2. Create a Databricks database using the `"Databricks"` engine so that
`db_engine_spec`
is `DatabricksPythonConnectorEngineSpec`
(`superset/db_engine_specs/databricks.py:758-763`), configure its hostname
and `ENGINE
PARAMETERS` (`cloud_provider` + `account_id`/`tenant_id`) as suggested in
the docs
(`databases.mdx:45-63`).
3. Run a query that requires OAuth2; `Database.start_oauth2_dance()`
(`superset/models/core.py:27-35`) calls `BaseEngineSpec.start_oauth2_dance()`
(`superset/db_engine_specs/base.py:11-83`), which uses
`database.get_oauth2_config()`
(`models/core.py:15-25`). With only global config,
`BaseEngineSpec.get_oauth2_config()`
(`base.py:86-115`) sets `config["token_request_uri"]` from
`db_engine_spec_config.get("token_request_uri",
cls.oauth2_token_request_uri)`. For
`DatabricksPythonConnectorEngineSpec`, `cls.oauth2_token_request_uri` is
defined as an
empty string (`superset/db_engine_specs/databricks.py:25-27` in its OAuth2
section), so
`config["token_request_uri"]` is `""`. The authorization URL succeeds because
`DatabricksPythonConnectorEngineSpec.get_oauth2_authorization_uri()`
(`databricks.py:24-23
in the later hunk) dynamically resolves only the `authorization_request_uri`.
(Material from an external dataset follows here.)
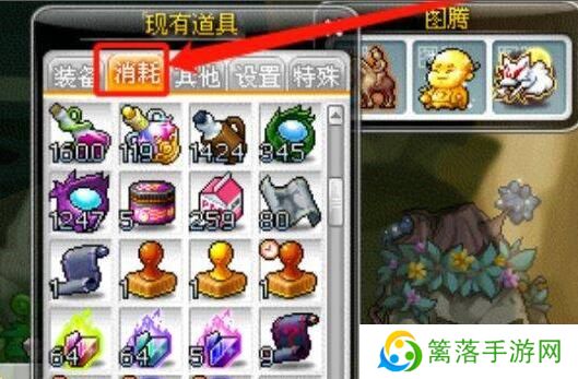 5、在背包界面中选择顶部菜单中的"消耗"选项。

4. After Databricks redirects back to Superset at `/api/v1/database/oauth2/`
(`superset/databases/api.py:40-88`), `OAuth2StoreTokenCommand.run()`
(`superset/commands/database/oauth2.py:7-58`) reloads `oauth2_config =
self._database.get_oauth2_config()` (line 13-15, still with empty
`token_request_uri`) and
then calls `self._database.db_engine_spec.get_oauth2_token(...)` (line
35-39). For the
Python connector this resolves to
`DatabricksPythonConnectorEngineSpec.get_oauth2_token()`
(`superset/db_engine_specs/databricks.py:25-45 in the second hunk), which
performs `if not
config.get("token_request_uri"):` at line 918 and raises `OAuth2Error(...)`
at lines
919-921. Because `_resolve_oauth2_endpoint()` is never used for
`token_request_uri`, the
token endpoint is never auto-detected and the OAuth2 exchange for the Python
connector
always fails under the documented default configuration.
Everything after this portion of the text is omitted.